(Dataset excerpts)
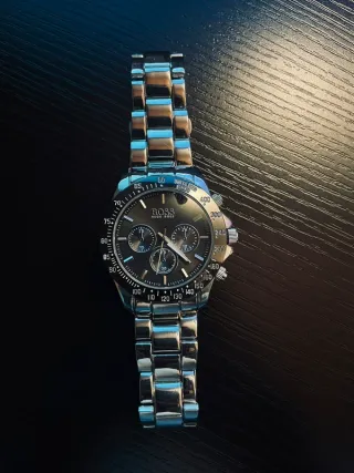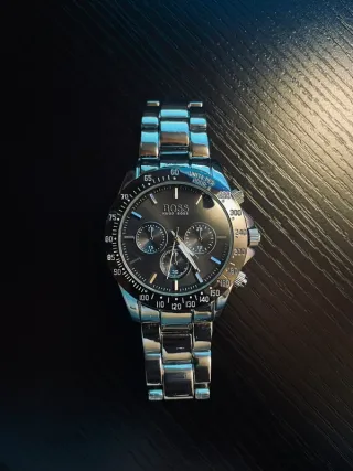 Elegante reloj Hugo Boss con diseño cronógrafo. Talla única. Totalmente ajustable. Envío por Correos - Esfera en tono oscuro. - Correa de eslabones plateados. - Bisel con escala taquimétrica.
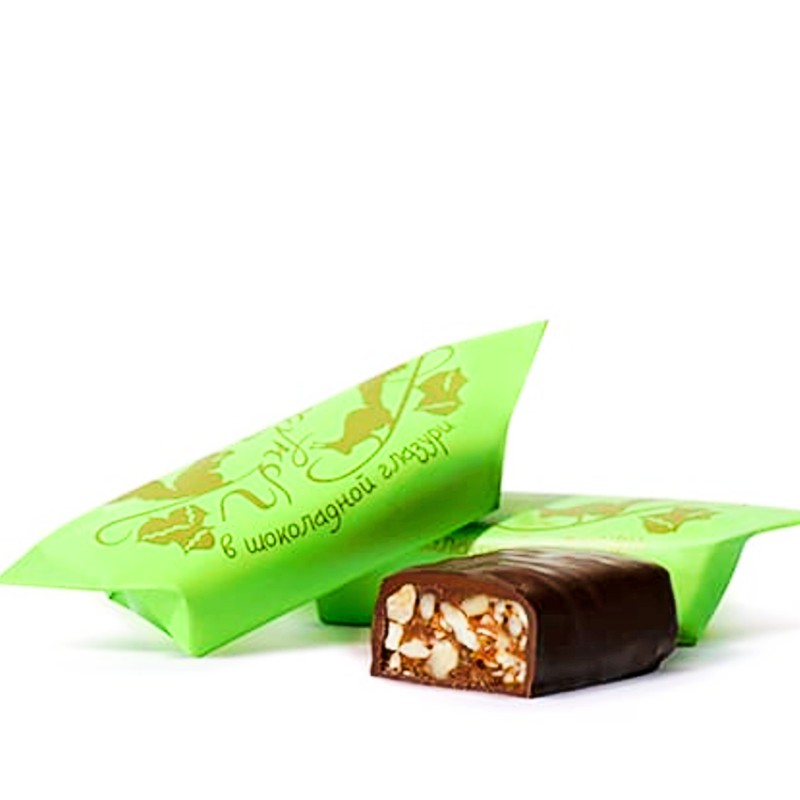 Традиционный «Грильяж в шоколаде» от фабрики «Рот Фронт» – тягучая полупрозрачная карамель, в которой увязли осколки дробленых лесных орехов.
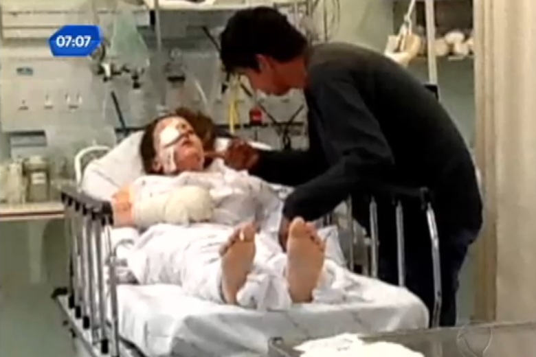 Uma cirurgia de emergência foi feita para tentar recuperar os dois dedos da mão da jovem, que também foram atingidos. Manuela está internada no Hospital de Pronto-Socorro. Ela perdeu a visão do olho direito.
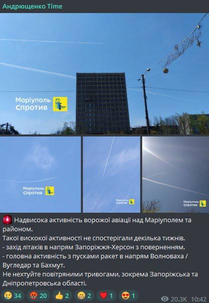 По его словам, уже несколько недель не наблюдалось такой активности авиации над Мариуполем и районом.
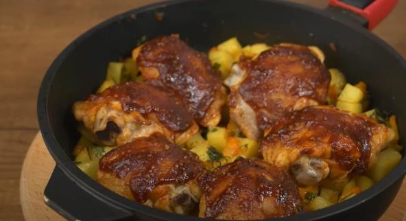Sipajte malo ulja u dobro zagrejan tiganj i stavite komad putera. Stavite karabatake i pržite ih na jakoj vatri dok ne porumene sa obe strane. Izvadite prženo meso iz tiganja. Odmah stavite luk u ovaj tiganj i propržite dok ne porumeni. Dodajte seckanu šargarepu i pržite još 2 minuta. Zatim stavite krompir, promešajte i pržite oko 5-7 minuta. U drugom tiganju pripremite slatko-kiseli sos. Sipajte u tiganj paradajz sos, soja sos, dodajte šećer, senf i kašiku jabukovog sirćeta.
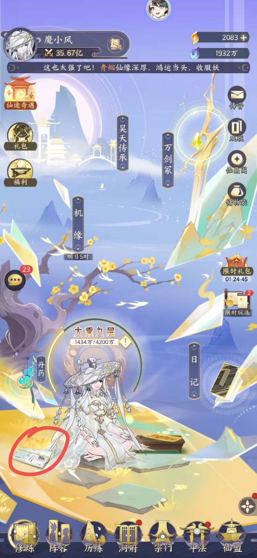 2.1主页面脚旁边有棵草,拔了给奖励,给了26万修为,草可以拔多次,不在乎修为的可以留着当个装饰品
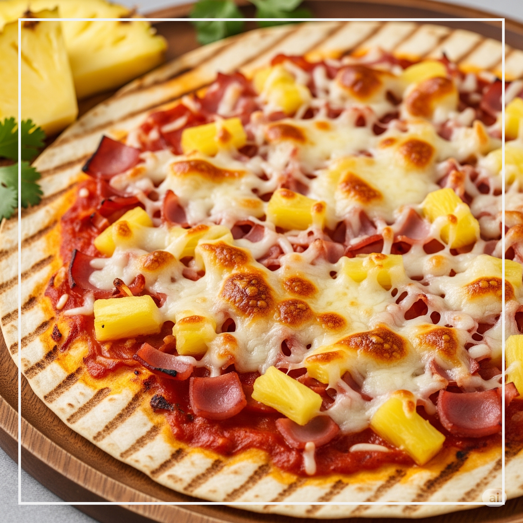 - 구워진 피자 위에 파슬리 가루 등을 뿌려 마무리하면 맛있는 또띠아 하와이안 피자 완성!
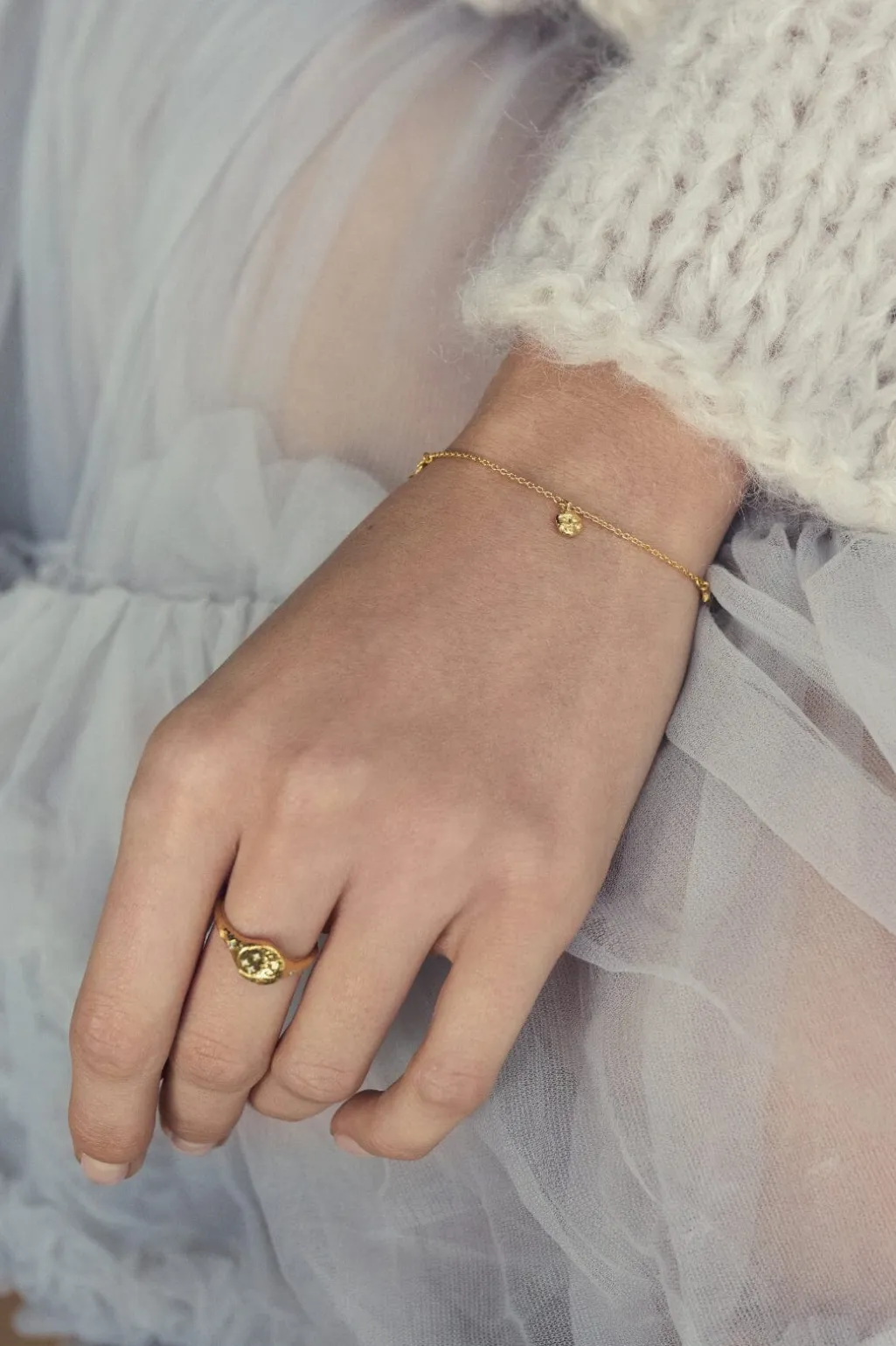 Armbånd fra Maanesten lavet af genanvendt sterlingsølv belagt med 18 karat guld. Designet er inspireret af månens faser med tre vedhæng: måne, sol og stjerne.
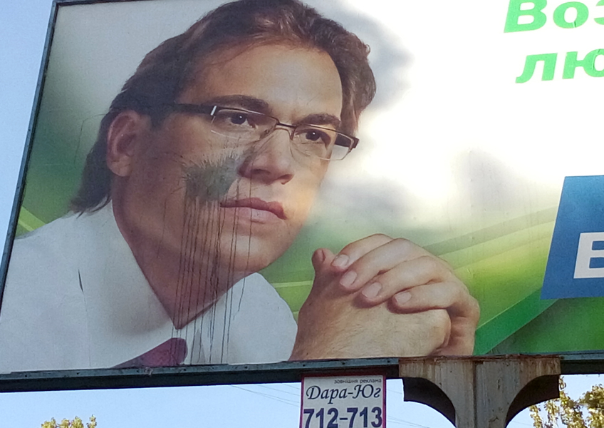 В Заводском районе краской испортили 10 билбордов 'Укропа', 'Оппозиционного блока' и кандидата в мэры Воронова
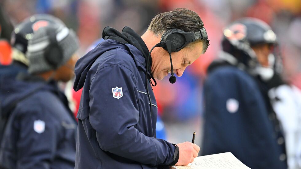Bears coach Matt Eberflus takes notes Sunday. (Getty Images)
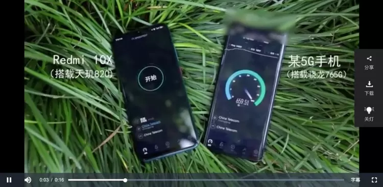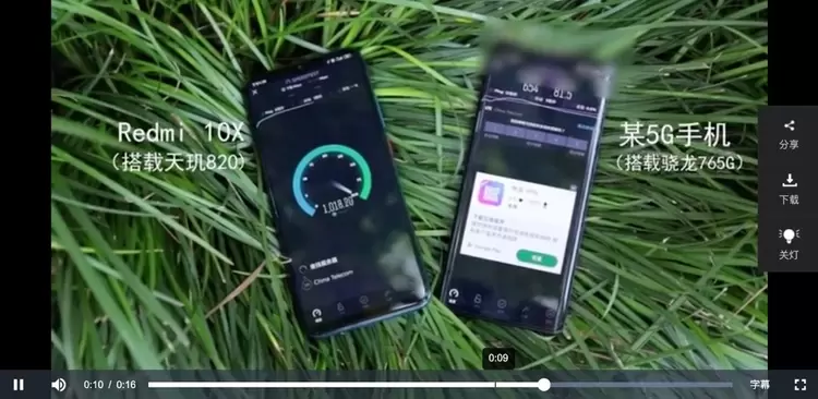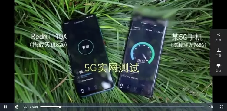 从视频中的数据不难看出,搭载天玑820的Redmi 10X在实网测试中以1000Mbps以上的成绩远远超过同级!
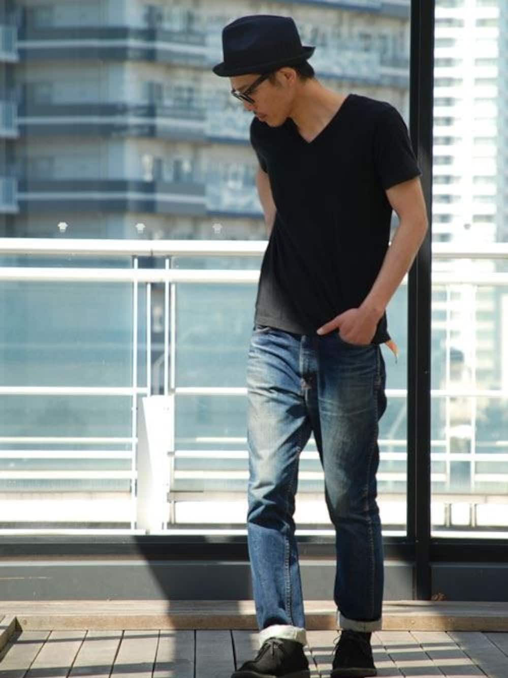 デニム×Vネックカットソー×2トーンストローハット デニムに無地のVネックカットソーのシンプル定番スタイル。クールな印象の2トーンストローハットを合わせる事で全体的に大人っぽい印象に。
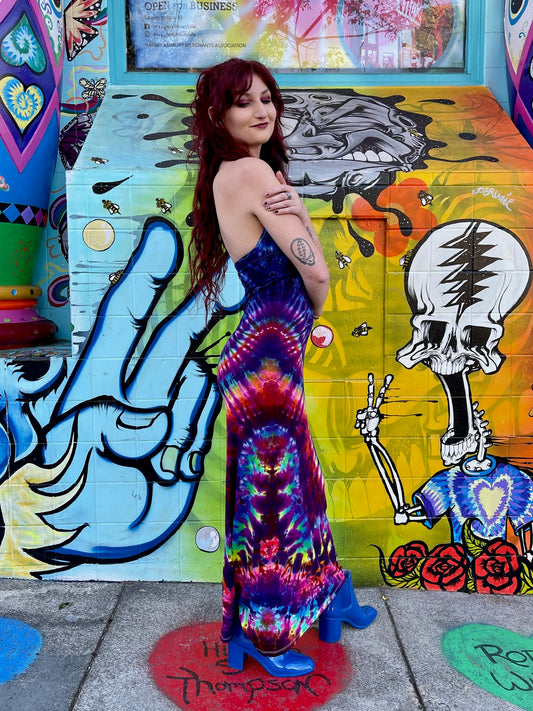 Introducing the soft Rayon Cotton Princess Dress, tiedyed by one of our fav tiedye artists, Barefoot Lazer aka Josh Wojick from Eugene Oregon.
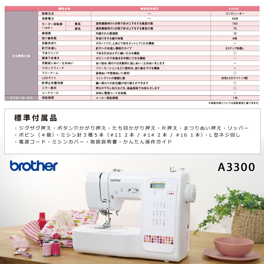 ジグザグ押え(本体に装着)・ボタン穴かがり押え・たち目かがり押え・片押え・まつりぬい押え・リッパー・取扱説明書・かんたん操作ガイド・ボビン・L型ネジ回し・針・ソフトカバー・電源コード

● WORK ITEM
Although the records above contain pictures, the copy should not; retype exactly the lines from the one containing "- 구워진 피자 위에" through the one containing "デニム×Vネックカットソー×".

● FINAL ANSWER
 - 구워진 피자 위에 파슬리 가루 등을 뿌려 마무리하면 맛있는 또띠아 하와이안 피자 완성!
 Armbånd fra Maanesten lavet af genanvendt sterlingsølv belagt med 18 karat guld. Designet er inspireret af månens faser med tre vedhæng: måne, sol og stjerne.
 В Заводском районе краской испортили 10 билбордов 'Укропа', 'Оппозиционного блока' и кандидата в мэры Воронова
Bears coach Matt Eberflus takes notes Sunday. (Getty Images)
 从视频中的数据不难看出,搭载天玑820的Redmi 10X在实网测试中以1000Mbps以上的成绩远远超过同级!
 デニム×Vネックカットソー×2トーンストローハット デニムに無地のVネックカットソーのシンプル定番スタイル。クールな印象の2トーンストローハットを合わせる事で全体的に大人っぽい印象に。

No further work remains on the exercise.